# [Updated] Aqua-Terrarium (Miniature Garden on top of Fish Tank)



## Saigon (Mar 23, 2014)

Hello everyone, I've made a second small DIY project for my 10 gallon fish tank. This time is a little Vietnamese style garden on top of my tank. All the moss and plants are real, except the lotus flowers which I made it out of clay (it took several attempts until I became satisfied with the look of the flowers). I also made the bridge from scratch.

At first I thought all the plants I was using would work well in aquaponic system, but turned out that they weren't, so I had to use another layer of foam to protect the roots of the plants. By the way, the fish tank is empty because I haven't had the time for it yet and I also put duck weed in. Once again thanks Jason and Tom for the duck weed.

I'm still new to this so all suggestion and criticism are welcome 

Thank you.

Make sure your speakers are muted if you don't like to listen to foreign music


----------



## TomC (Apr 21, 2010)

Nice. What type of fish are you putting in it?


----------



## Saigon (Mar 23, 2014)

Thanks Tom, I'm thinking about koi betta, but I'm not sure if there are any for sale in BC.

View attachment 119666


----------



## jagermelifter (Feb 12, 2015)

april has some koi bettas


Sent from my iPhone using Tapatalk


----------



## Jousters (Jan 16, 2014)

Great work.Cant wait to see what you do inside the tank.I also don't mind the music.The bridge looks awesome.


----------



## Saigon (Mar 23, 2014)

@jagermelifter, I will definitely check it out.
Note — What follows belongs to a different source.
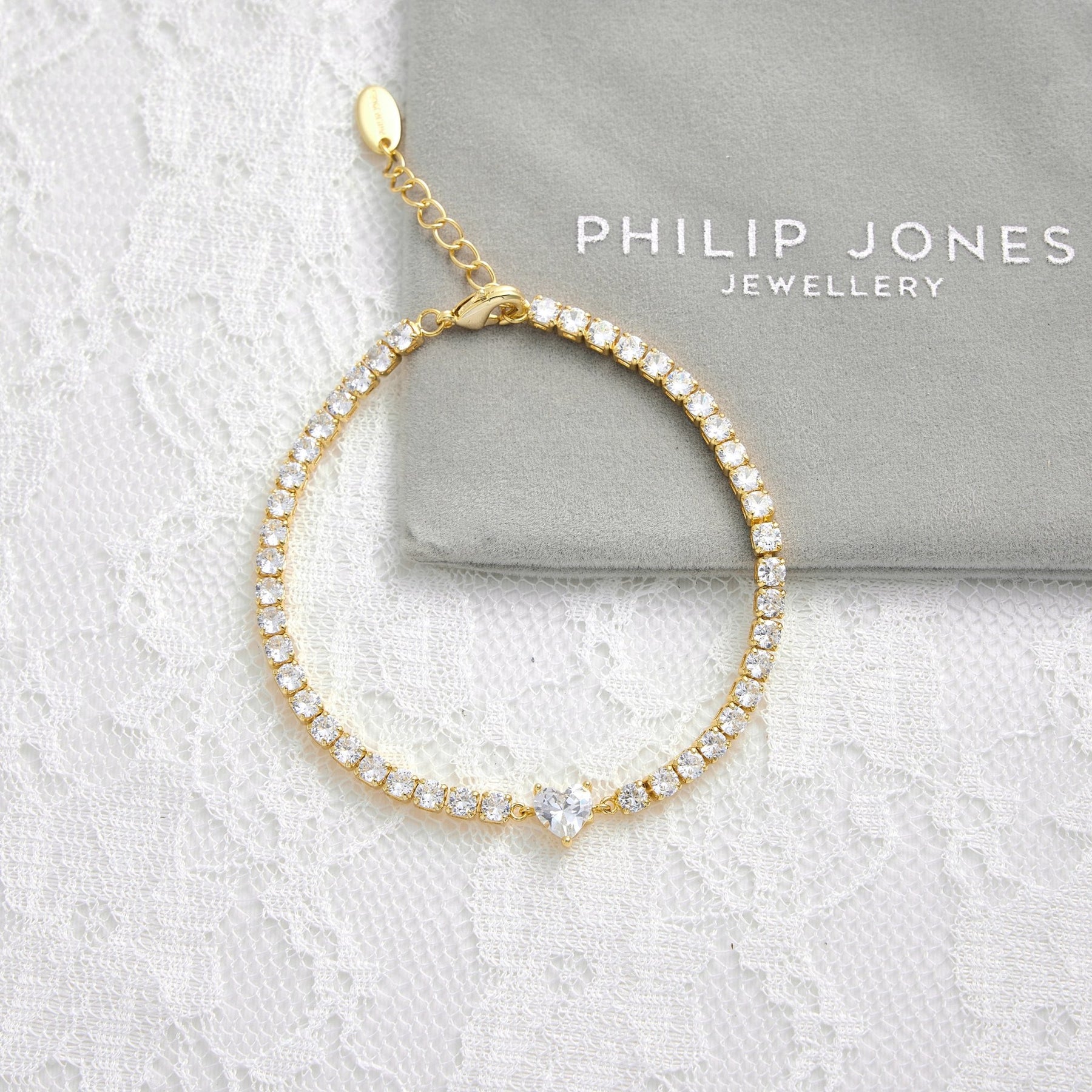 Make a radiant statement on your wedding day with this exquisite gold plated tennis bracelet. Featuring a striking heart solitaire surrounded by sparkling Zircondia® crystals, it's the perfect choice for brides and bridesmaids alike. The hypoallergenic brass alloy ensures all-day comfort, while the adjustable 18cm + 2.5cm design fits beautifully. Arrives gift-ready in an elegant pouch.

@Jousters, thank you for your kind words. I will start working on my tank after the midterms :bigsmile:


----------



## April (Apr 21, 2010)

Very cool! Good work! I do have koi bettas! I have one beautiful one I've been saving and a few more 


Sent from my iPhone using Tapatalk


----------



## Kolat (Jul 21, 2014)

Looks amazing. I'm assuming the top is removable to maintain the tank?


----------



## Saigon (Mar 23, 2014)

I could not find a better solution, so I used two pieces of foams to keep the whole thing float on the water surface. :bigsmile:


----------



## Saigon (Mar 23, 2014)

Using LED string lights in my terrarium.


----------



## Saigon (Mar 23, 2014)

I made two miniature lampposts and decided to add holographic effect :bigsmile:


----------



## Jousters (Jan 16, 2014)

That is awesome.How did you do that?


----------



## Saigon (Mar 23, 2014)

Thanks Jousters. It's actually really easy to do. All I need is a tablet and a piece of transparent glass. I just put the tablet up-side-down and put it on top of my terrarium. Then I tape the glass 190 degree angle with the tablet. The reflection will make it looks like 3D. You can click this YouTube link if my explanation was clear 



 .



Jousters said:


> That is awesome.How did you do that?


----------



## Jousters (Jan 16, 2014)

Thanks I will check it out.Your tank looks great.Jody


----------



## SeaHorse_Fanatic (Apr 22, 2010)

Looks awesome. My own aquaponics system is less beautiful and is simply a drilled 2' cube with an Eheim canister filter pumping water from the koi pond up into the above pond aquaponics tank which then gravity feeds back into the koi pond. It is filled with a lot of hydroton as a growing and filter media and I use it to grow garden vegetables and herbs. Yours is definitely prettier


----------



## Saigon (Mar 23, 2014)

Thank you SeaHorse_Fanatic. I've always wanted to build my own aquaponics system like yours. I'm thinking about learning to make one in the near future.



SeaHorse_Fanatic said:


> Looks awesome. My own aquaponics system is less beautiful and is simply a drilled 2' cube with an Eheim canister filter pumping water from the koi pond up into the above pond aquaponics tank which then gravity feeds back into the koi pond. It is filled with a lot of hydroton as a growing and filter media and I use it to grow garden vegetables and herbs. Yours is definitely prettier


----------